Alexander Doniphan Wallace (21 August 1905, in Hampton, Virginia, USA – 16 October 1985, in New Orleans, USA) was an American mathematician who introduced proximity spaces.

Wallace received from the University of Virginia B.A. in 1935, M.A. in 1936 and Ph.D. in 1940. He was an instructor at Princeton University in 1940–1941 and became an assistant professor in mathematics at the University of Pennsylvania in 1941 and remained there until 1947. He was a professor and chair of the mathematics department at Tulane University in 1947–1963. From 1963 until his retirement in 1973 he was a mathematics professor at the University of Florida.

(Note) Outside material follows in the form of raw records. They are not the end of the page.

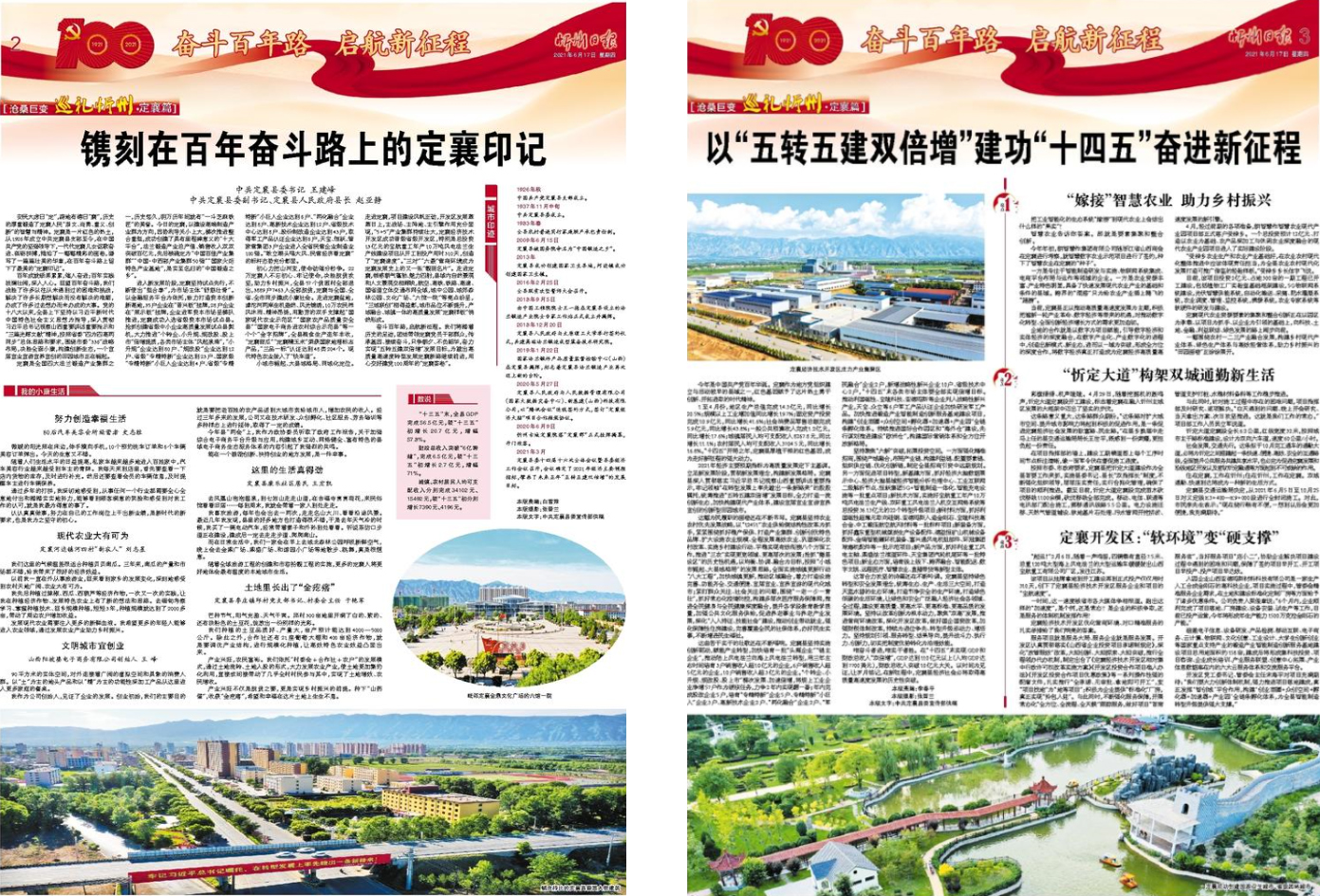 鱗次櫛比的定襄縣晉昌大街建筑 安民大慮曰“定”,辟地有德曰“襄”,歷史的厚重鍛造了定襄人民“崇文、尚勇、重義、創(chuàng)新”的智慧與精神。定襄是一片紅色的熱土,從1926年成立中共定襄縣支部至今,在中國(guó)共產(chǎn)黨的堅(jiān)強(qiáng)領(lǐng)導(dǎo)下,一代代定襄兒女謳歌奮進(jìn)、砥礪拼搏,描繪了一幅幅精彩的畫(huà)卷,譜寫(xiě)了一篇篇壯美的華章,在百年奮斗路上留下了最美的“定襄印記”。 百年成就碩果累累,催人奮進(jìn);百年實(shí)踐波瀾壯闊,深入人心。回望百年奮斗路,我們戰(zhàn)勝了許多以往從未遇到過(guò)的困難和挑戰(zhàn),解決了許多長(zhǎng)期想解決而沒(méi)有解決的難題,辦成了許多過(guò)去想辦而未辦成的大事。黨的十八大以來(lái),全縣上下堅(jiān)持以習(xí)近平新時(shí)代中國(guó)特色社會(huì)主義思想為指導(dǎo),深入貫徹習(xí)近平總書(shū)記視察山西重要講話(huà)重要指示和“三篇光輝文獻(xiàn)”精神,按照省委“四為四高兩同步”總體思路和要求,圍繞市委“336”戰(zhàn)略布局,決勝全面小康,構(gòu)建創(chuàng)新生態(tài),一個(gè)宜居宜業(yè)宜游宜養(yǎng)宜創(chuàng)的田園城市正在崛起。 定襄是全國(guó)四大法蘭鍛造產(chǎn)業(yè)集群之一,歷史悠久,明萬(wàn)歷年間就有“一斗芝麻鐵匠”的美譽(yù)。今日的定襄,以建設(shè)高端制造產(chǎn)業(yè)群為方向,因勢(shì)利導(dǎo)關(guān)小上大,梯次推進(jìn)整合重組,成功創(chuàng)建了具有里程碑意義的“十大平臺(tái)”,法蘭鍛造產(chǎn)業(yè)總產(chǎn)值、銷(xiāo)售收入雙雙突破百億元,先后被確定為“中國(guó)百佳產(chǎn)業(yè)集群”“中國(guó)·中西部產(chǎn)業(yè)集群50強(qiáng)”“國(guó)家火炬特色產(chǎn)業(yè)基地”,是實(shí)至名歸的“中國(guó)鍛造之鄉(xiāng)”。 進(jìn)入新發(fā)展階段,定襄堅(jiān)持試點(diǎn)先行,不斷使出“組合拳”,為市場(chǎng)主體“舒筋壯骨”。以金融服務(wù)平臺(tái)為依托,致力打造資本創(chuàng)新新高地,35戶(hù)企業(yè)在“晉興板”掛牌,28戶(hù)企業(yè)在“展示板”掛牌,企業(yè)進(jìn)軍資本市場(chǎng)呈梯隊(duì)推進(jìn),定襄成功入選省級(jí)資本市場(chǎng)試點(diǎn)縣。搶抓創(chuàng)建省級(jí)中小企業(yè)高質(zhì)量發(fā)展試點(diǎn)縣契機(jī),大力推進(jìn)“個(gè)轉(zhuǎn)企、小升規(guī)、規(guī)改股、股上市”倍增提質(zhì),各類(lèi)市場(chǎng)主體“風(fēng)起泉涌”,“小升規(guī)”企業(yè)達(dá)到80戶(hù)、“規(guī)改股”企業(yè)達(dá)到12戶(hù)、省級(jí)“專(zhuān)精特新”企業(yè)達(dá)到23戶(hù)、國(guó)家級(jí)“專(zhuān)精特新”小巨人企業(yè)達(dá)到4戶(hù)、省級(jí)“專(zhuān)精特新”小巨人企業(yè)達(dá)到6戶(hù)、“兩化融合”企業(yè)達(dá)到8戶(hù)、高新技術(shù)企業(yè)達(dá)到12戶(hù)、省級(jí)技術(shù)中心達(dá)到8戶(hù)、股份制改造企業(yè)達(dá)到43戶(hù),取得軍工產(chǎn)品認(rèn)證企業(yè)達(dá)到6戶(hù),天寶、恒躍、管家營(yíng)集團(tuán)3戶(hù)企業(yè)進(jìn)入全省民營(yíng)企業(yè)制造業(yè)100強(qiáng)?!案伊⒊鳖^唱大風(fēng)、民營(yíng)經(jīng)濟(jì)看定襄”的標(biāo)桿態(tài)勢(shì)充分彰顯。 初心力把山河變,使命勁催分秒爭(zhēng)。22萬(wàn)定襄人不忘初心、牢記使命,決勝脫貧攻堅(jiān),助力鄉(xiāng)村振興,全縣57個(gè)貧困村全部退出,3889戶(hù)7463人全部脫貧,定襄與全國(guó)、全省、全市同步建成小康社會(huì)。走進(jìn)定襄盆地,滹沱河兩岸生機(jī)盎然、風(fēng)光錦繡,10萬(wàn)農(nóng)民櫛風(fēng)沐雨、精神昂揚(yáng),用勤勞的雙手支撐起“國(guó)家現(xiàn)代農(nóng)業(yè)示范區(qū)”“國(guó)家農(nóng)產(chǎn)品質(zhì)量安全縣”“國(guó)家電子商務(wù)進(jìn)農(nóng)村綜合示范縣”等一個(gè)個(gè)“金字招牌”,全縣糧食生產(chǎn)連年豐收,“定襄甜瓜”“定襄糯玉米”榮獲國(guó)家地理標(biāo)志產(chǎn)品,“三品一標(biāo)”認(rèn)證達(dá)到48類(lèi)204個(gè)?,F(xiàn)代特色農(nóng)業(yè)駛?cè)肓恕翱燔?chē)道”。 小城市崛起、大縣城格局、同城化定位。走進(jìn)定襄,項(xiàng)目建設(shè)風(fēng)帆正勁,開(kāi)發(fā)區(qū)發(fā)展蒸蒸日上,主戰(zhàn)場(chǎng)、主陣地、主引擎作用充分顯現(xiàn),“5+5”產(chǎn)業(yè)集群持續(xù)壯大,定襄經(jīng)濟(jì)技術(shù)開(kāi)發(fā)區(qū)成功晉級(jí)省級(jí)開(kāi)發(fā)區(qū),特別是總投資13億元的寶航重工年產(chǎn)10萬(wàn)噸風(fēng)電法蘭生產(chǎn)線(xiàn)建設(shè)項(xiàng)目從開(kāi)工到投產(chǎn)用時(shí)310天,創(chuàng)造了“定襄速度”?!叭龑?duì)”“六最”營(yíng)商環(huán)境成為定襄發(fā)展史上的又一張“靚麗名片”。走進(jìn)定襄,頓感朝氣蓬勃、魅力四射,縣域內(nèi)自然景觀和人文景觀交相輝映,航空、高鐵、鐵路、高速、國(guó)省道立體交通布網(wǎng)全域,城中公園、城郊森林公園、文化廣場(chǎng)、“六館一院”等亮點(diǎn)紛呈,“三城聯(lián)創(chuàng)”相得益彰,城市品位不斷提升,產(chǎn)城融合、城鎮(zhèn)一體的高質(zhì)量發(fā)展“定襄樣板”悄然形成。 奮斗百年路,啟航新征程。我們將踏著歷史的足跡,團(tuán)結(
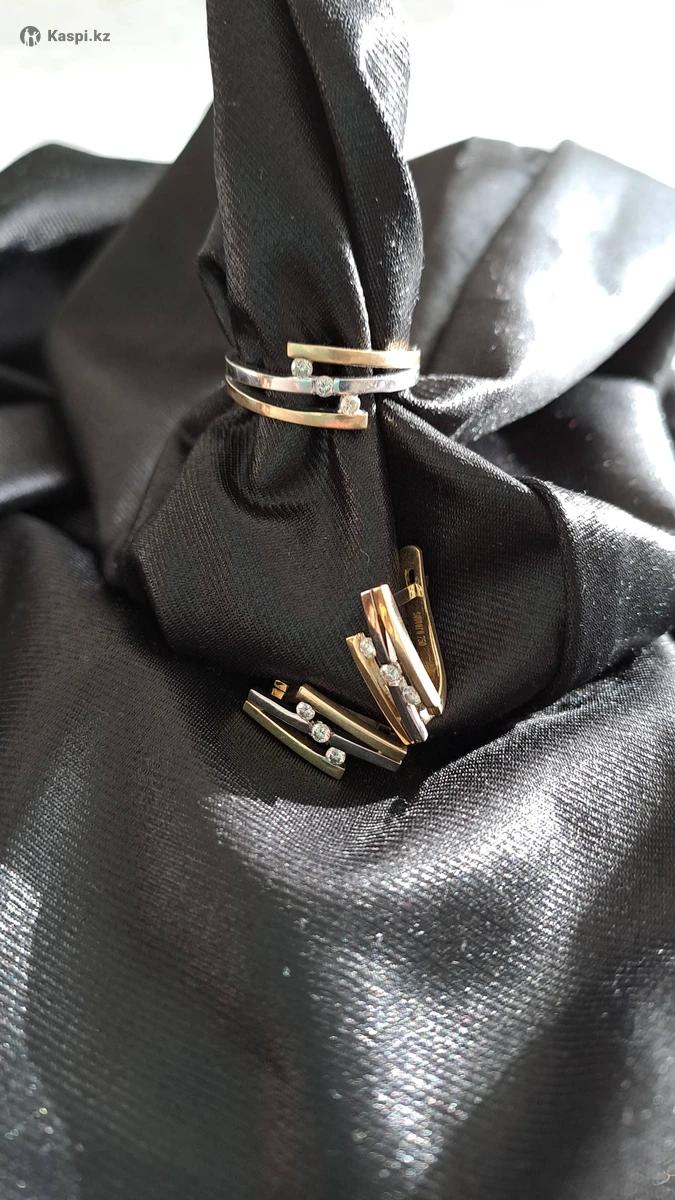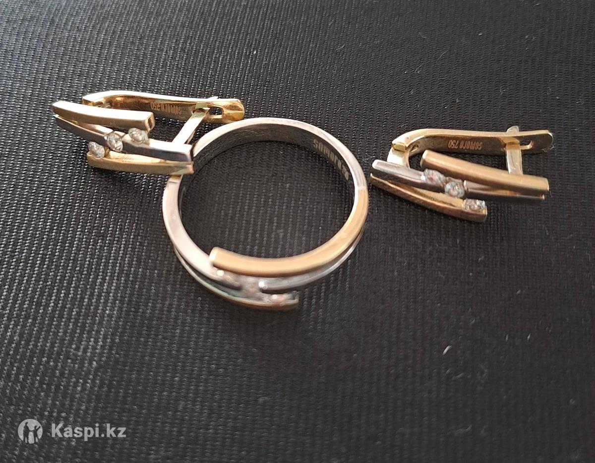 Золотой комплект с бриллиантами 750 пробы жёлтое с белым комбинированное. Общий вес 8 гр. Размер кольца 17.5-18. Этикетка имеется. Срочно. Торг.
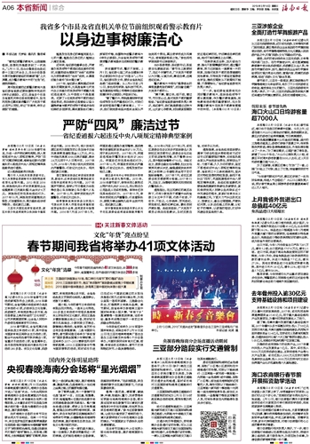 海南日报 本省新闻综合 006 2018-02-141 2018年02月14日 星期三
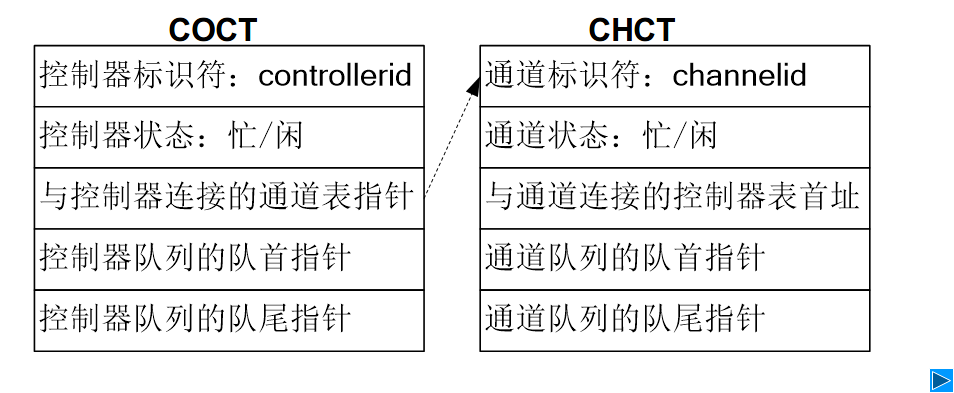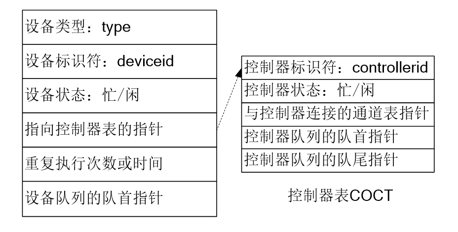 - 系统为每一个控制器都配置了一张记录本控制器情况的控制器控制表(COntroler Control Table,COCT)。
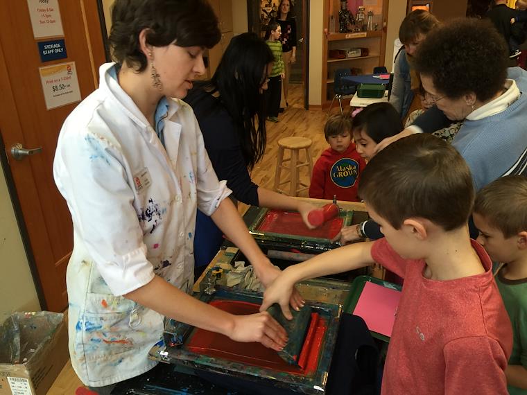 Making silk screen t-shirts at the Children's Museum in Olympia

His doctoral students include Chung Tao Yang.

==Selected articles==
- Wallace, A. D. (1961). "A theorem on acyclicity"
- Wallace, A. D. (1960). "Remarks on affine semigroups"
- Wallace, Alexander Doniphan (1958). "Factoring a lattice"
- Koch, Robert J. (1958). "Admissibility of semigroup structures on continua"
- Wallace, A. D. (1957). "The peripheral character of central elements of a lattice"
- Wallace, A. D. (1955). "The structure of topological semigroups"
- Wallace, A. D. (1955). "The position of $C$-sets in semigroups"
- Wallace, A. D. (1955). "Struct ideals"
- Wallace, A. D. (1954). "Topological invariance of ideals in mobs"
- Wallace, A. D. (1954). "Partial order and indecomposability"
- Wallace, A. D. (1953). "Boolean rings and cohomology"
- Wallace, A. D. (1951). "Extensional invariance"
- Wallace, A. D. (1949). "Cyclic invariance under multi-valued maps"
- Wallace, A. D. (1946). "Extension sets"
- Wallace, A. D. (1945). "Dimensional types"
- Wallace, A. D. (1945). "A fixed-point theorem"
- Wallace, A. D. (1941). "The acyclic elements of a Peano space"
- Wallace, A. D. (1941). "A fixed-point theorem for trees"
- Wallace, A. D. (1939). "On non-boundary sets"
- Hall, Dick W. (1939). "Some invariants under monotone transformations"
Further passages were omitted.